Using Temperature Sensitivity to Estimate Shiftable Electricity Demand: Implications for power system investments and climate change
Michael J. Roberts, Sisi Zhang, Eleanor Yuan, James Jones, Matthias Fripp
TL;DR
The paper investigates how to manage electricity demand variability in grids with rising renewable shares and climate-driven changes by quantifying shiftable, temperature-sensitive demand and its potential to flatten load. It employs a top-down regression linking hourly regional demand to hour-of-day, hour-of-year, day-of-week, and weather signals via cooling and heating degree hours across 31 US regions to estimate the share of temperature-sensitive load, then simulates within-day demand reshaping by shifting a fraction $\alpha$ of this load under various transmission scenarios and a $+2^{\circ}$C climate change.
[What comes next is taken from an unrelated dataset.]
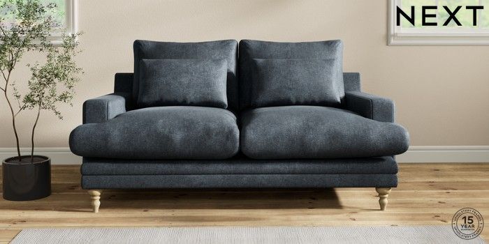 6.12.1 Buy Hutton Deep Relaxed Sit 3 Seater Small Sofa Plush Chenille Slate Blue Country Turned - Light from the Next UK online shop Click here to use our accessible website

Key findings include that with $\alpha=0.5$, regional daily peaks fall by about 10.1%, base load rises by 22.2%, daily SD declines by 76.9%, and 17.9% of region/days become completely flattenable; CDH has a stronger relationship to demand than HDH, and perfect transmission enhances smoothing but is outpaced by load shifting. Climate-change analysis shows that even under a warming scenario, shifting temperature-sensitive demand substantially reduces the expected increases in peaks and variability, underscoring the value of demand-side flexibility for planning investments in transmission and thermal storage.
Abstract
Growth of intermittent renewable energy and climate change make it increasingly difficult to manage electricity demand variability. Centralized storage can help but is costly. An alternative is to shift demand. Cooling and heating demands are substantial and can be economically shifted using thermal storage. To estimate what thermal storage, employed at scale, might do to reshape electricity loads, we pair fine-scale weather data with hourly electricity use to estimate the share of temperature-sensitive demand across 31 regions that span the continental United States. We then show how much variability can be reduced by shifting temperature-sensitive loads, with and without improved transmission between regions. We find that approximately three quarters of within-day, within-region demand variability can be eliminated by shifting just half of temperature-sensitive demand. The variability-reducing benefits of shifting temperature-sensitive demand complement those gained from improved interregional transmission, and greatly mitigate the challenge of serving higher peaks under climate change.